CITATION: Canadian Union of Public Employees and its Local 1317 v. The Niagara Catholic District School Board, 2017 ONSC 3099
DIVISIONAL COURT FILE NO.: DC-16-463-JR DATE: 20170612
ONTARIO SUPERIOR COURT OF JUSTICE DIVISIONAL COURT
MARROCCO, A.C.J., KITELEY, J. and H.J. WILTON-SIEGEL, J.
BETWEEN:
CANADIAN UNION OF PUBLIC EMPLOYEES AND ITS LOCAL 1317 Applicant
– and –
THE NIAGARA CATHOLIC DISTRICT SCHOOL BOARD Respondent
Howard Goldblatt, for the Applicant
Mark D. Contini, for the Respondent
HEARD at Toronto: May 17, 2017
Wilton-Siegel J.
[1] On this application, the applicant, the Canadian Union of Public Employees and its Local 1317 (the “applicant” or the “Union”), seeks judicial review of an award of arbitrator Larry Steinberg (the “Arbitrator”) dated May 27, 2016 (the “Award”). In the Award, the Arbitrator dismissed a grievance alleging that the Niagara Catholic District School Board (the “respondent” or the “Employer”) had been calculating the retirement gratuities of employees who work less than 12 months of the year in a manner that violated the collective agreement between the parties.
Factual Background
[2] The Union and the Employer are parties to a collective agreement governing the period September 1, 2008 to August 31, 2012 (the “Collective Agreement”). Some employees in the bargaining unit work for only 10 months of the year, some work for 11 months and others work for the entire 12 months.
[3] Under the Collective Agreement, employees earn two sick days per month, up to a maximum of 370 days over the course of their employment. Upon retirement, Article 20.03 entitles employees to a retirement gratuity based on accumulated unused sick days. Articles 20.03(a) and (f) prescribe a formula for calculating the retirement gratuity, the interpretation of which is disputed by the parties and forms the substance of this application for judicial review.

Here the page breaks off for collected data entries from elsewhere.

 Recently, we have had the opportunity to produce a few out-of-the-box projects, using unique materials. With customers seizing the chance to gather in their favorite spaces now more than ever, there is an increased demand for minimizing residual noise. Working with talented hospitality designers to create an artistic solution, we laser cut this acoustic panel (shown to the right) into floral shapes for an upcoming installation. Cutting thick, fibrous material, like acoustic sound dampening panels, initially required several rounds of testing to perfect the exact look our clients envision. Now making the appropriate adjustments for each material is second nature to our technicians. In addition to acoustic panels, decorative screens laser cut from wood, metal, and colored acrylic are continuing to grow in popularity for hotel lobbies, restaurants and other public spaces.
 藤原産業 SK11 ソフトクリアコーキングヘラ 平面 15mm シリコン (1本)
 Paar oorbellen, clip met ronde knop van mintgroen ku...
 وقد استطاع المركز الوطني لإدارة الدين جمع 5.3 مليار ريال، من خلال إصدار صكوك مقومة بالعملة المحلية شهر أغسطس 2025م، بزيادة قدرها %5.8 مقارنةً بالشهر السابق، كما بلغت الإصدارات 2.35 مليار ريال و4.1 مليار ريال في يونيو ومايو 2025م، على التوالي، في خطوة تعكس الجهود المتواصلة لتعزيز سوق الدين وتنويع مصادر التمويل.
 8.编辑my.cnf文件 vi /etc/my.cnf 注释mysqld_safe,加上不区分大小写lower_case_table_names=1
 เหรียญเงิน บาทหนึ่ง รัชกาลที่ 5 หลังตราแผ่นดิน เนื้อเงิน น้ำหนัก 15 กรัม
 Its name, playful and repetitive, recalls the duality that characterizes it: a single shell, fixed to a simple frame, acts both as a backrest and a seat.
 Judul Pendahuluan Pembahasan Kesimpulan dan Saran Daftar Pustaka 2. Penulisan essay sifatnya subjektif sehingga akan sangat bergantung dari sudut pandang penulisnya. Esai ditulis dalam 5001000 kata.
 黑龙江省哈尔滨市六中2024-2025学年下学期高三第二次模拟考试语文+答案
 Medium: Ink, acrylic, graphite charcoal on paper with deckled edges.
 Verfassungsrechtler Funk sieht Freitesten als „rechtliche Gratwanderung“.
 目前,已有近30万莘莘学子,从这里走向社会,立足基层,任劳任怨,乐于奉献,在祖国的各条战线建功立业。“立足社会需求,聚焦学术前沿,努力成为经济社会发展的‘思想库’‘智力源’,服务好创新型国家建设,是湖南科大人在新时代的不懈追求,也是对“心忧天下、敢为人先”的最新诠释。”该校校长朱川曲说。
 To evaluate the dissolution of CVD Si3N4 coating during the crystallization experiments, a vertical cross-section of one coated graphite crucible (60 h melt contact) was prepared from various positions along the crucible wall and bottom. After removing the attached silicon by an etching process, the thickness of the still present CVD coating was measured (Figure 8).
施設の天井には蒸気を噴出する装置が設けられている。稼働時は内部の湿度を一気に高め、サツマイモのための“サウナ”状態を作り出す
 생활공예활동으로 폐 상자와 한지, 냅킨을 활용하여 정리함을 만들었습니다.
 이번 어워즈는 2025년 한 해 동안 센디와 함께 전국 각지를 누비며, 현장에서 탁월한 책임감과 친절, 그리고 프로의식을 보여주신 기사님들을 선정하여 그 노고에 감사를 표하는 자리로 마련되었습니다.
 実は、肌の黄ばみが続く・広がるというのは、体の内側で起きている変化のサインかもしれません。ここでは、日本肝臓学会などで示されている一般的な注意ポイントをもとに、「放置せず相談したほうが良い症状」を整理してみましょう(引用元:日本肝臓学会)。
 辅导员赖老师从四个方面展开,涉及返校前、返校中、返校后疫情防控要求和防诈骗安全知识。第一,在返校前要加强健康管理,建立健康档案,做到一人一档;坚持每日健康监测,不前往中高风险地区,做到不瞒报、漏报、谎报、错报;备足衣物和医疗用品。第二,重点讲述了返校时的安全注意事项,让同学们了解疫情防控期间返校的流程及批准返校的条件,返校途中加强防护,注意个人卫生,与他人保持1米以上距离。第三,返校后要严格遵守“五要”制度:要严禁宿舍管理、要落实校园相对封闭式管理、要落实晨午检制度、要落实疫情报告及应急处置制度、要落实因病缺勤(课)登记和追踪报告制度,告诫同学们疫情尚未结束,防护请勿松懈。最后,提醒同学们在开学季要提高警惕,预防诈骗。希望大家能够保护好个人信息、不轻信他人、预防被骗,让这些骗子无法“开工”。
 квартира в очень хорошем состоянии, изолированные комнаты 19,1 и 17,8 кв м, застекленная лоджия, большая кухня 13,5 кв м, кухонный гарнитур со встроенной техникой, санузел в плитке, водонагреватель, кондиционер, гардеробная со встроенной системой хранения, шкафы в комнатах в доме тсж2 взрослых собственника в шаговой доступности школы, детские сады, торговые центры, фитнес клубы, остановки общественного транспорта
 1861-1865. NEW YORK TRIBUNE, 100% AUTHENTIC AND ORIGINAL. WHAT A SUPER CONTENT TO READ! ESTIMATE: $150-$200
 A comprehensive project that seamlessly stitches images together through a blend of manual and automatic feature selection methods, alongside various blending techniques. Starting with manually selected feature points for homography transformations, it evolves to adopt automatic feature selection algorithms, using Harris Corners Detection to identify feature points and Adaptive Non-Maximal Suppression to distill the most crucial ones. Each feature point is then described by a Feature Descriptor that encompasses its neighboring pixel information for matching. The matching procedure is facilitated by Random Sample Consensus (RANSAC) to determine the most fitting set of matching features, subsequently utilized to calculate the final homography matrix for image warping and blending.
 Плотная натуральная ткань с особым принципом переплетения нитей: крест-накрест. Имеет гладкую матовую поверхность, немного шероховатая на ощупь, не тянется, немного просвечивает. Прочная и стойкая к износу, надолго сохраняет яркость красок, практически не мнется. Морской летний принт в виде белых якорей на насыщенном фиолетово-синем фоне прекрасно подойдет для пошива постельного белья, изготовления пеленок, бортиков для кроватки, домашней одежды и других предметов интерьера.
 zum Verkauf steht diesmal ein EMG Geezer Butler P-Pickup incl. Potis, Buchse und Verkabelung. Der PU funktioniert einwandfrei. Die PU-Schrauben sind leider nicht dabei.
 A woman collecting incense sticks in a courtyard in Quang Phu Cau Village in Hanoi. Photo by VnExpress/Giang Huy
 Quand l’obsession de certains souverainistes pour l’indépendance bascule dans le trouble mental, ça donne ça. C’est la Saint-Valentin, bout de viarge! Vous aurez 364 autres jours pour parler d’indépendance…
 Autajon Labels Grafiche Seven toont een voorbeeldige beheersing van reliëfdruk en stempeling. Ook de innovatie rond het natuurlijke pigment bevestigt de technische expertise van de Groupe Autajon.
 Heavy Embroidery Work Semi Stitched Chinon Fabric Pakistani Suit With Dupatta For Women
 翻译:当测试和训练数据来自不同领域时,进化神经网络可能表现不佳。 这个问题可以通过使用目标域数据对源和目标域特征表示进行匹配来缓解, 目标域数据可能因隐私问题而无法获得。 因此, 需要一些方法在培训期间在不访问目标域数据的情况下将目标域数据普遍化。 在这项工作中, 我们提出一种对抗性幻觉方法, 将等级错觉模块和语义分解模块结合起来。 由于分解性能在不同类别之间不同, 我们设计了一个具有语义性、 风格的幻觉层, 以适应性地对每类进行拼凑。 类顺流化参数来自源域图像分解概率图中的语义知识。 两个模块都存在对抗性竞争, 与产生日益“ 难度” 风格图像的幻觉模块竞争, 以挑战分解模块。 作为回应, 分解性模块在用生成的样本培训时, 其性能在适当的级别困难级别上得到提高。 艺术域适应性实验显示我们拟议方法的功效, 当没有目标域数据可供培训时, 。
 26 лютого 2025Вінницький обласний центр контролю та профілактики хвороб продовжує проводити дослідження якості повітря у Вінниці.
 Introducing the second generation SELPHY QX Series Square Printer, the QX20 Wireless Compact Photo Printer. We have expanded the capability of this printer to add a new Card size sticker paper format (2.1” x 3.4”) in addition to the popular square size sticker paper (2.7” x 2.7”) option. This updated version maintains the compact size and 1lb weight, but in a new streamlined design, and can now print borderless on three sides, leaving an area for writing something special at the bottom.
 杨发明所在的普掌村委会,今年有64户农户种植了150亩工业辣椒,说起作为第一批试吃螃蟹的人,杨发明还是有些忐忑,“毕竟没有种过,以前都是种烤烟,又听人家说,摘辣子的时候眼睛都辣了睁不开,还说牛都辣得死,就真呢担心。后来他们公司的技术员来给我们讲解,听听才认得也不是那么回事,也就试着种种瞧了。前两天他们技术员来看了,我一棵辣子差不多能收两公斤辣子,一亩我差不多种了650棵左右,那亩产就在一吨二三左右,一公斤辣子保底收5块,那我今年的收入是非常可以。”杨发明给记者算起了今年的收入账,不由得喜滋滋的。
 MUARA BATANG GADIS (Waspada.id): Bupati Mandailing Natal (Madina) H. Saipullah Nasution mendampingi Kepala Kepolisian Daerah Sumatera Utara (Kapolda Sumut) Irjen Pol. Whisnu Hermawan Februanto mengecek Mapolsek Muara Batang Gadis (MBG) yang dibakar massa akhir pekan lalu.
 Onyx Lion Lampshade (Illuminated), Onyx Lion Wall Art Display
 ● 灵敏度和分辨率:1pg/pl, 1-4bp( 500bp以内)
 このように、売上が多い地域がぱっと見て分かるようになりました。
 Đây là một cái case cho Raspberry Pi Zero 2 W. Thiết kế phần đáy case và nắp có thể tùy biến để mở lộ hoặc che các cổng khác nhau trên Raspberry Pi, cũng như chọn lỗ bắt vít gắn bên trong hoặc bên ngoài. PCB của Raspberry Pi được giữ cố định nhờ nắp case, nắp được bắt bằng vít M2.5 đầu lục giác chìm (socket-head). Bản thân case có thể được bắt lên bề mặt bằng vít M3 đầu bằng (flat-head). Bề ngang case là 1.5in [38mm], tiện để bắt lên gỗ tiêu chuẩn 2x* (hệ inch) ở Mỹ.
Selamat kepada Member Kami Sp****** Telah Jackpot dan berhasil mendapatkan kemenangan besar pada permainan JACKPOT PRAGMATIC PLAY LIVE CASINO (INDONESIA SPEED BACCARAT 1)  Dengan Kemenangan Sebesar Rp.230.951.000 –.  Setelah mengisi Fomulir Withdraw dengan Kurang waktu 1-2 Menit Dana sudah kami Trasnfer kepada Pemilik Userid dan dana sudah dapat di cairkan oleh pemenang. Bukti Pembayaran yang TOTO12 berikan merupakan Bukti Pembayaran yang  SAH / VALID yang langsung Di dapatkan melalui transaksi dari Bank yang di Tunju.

[4] Article 20.03(a) states that an employee “…shall receive payment for 50% of his/her accumulated sick leave to a maximum of six (6) month’s earnings, based on the actual yearly earnings at January 1, 1999.”
[5] Article 20.03(f) states that “[t]he retirement gratuity shall be a maximum of 50% of the salary of his/her accumulated sick leave to a maximum of six (6) months earnings, based on the actual yearly earnings at January 1, 1999.”
[6] Article 20.03 also contained the following statement in capital letters following Article 20.03(f): It is understood that the Ontario Municipal Act limits a maximum payment of six (6) months salary.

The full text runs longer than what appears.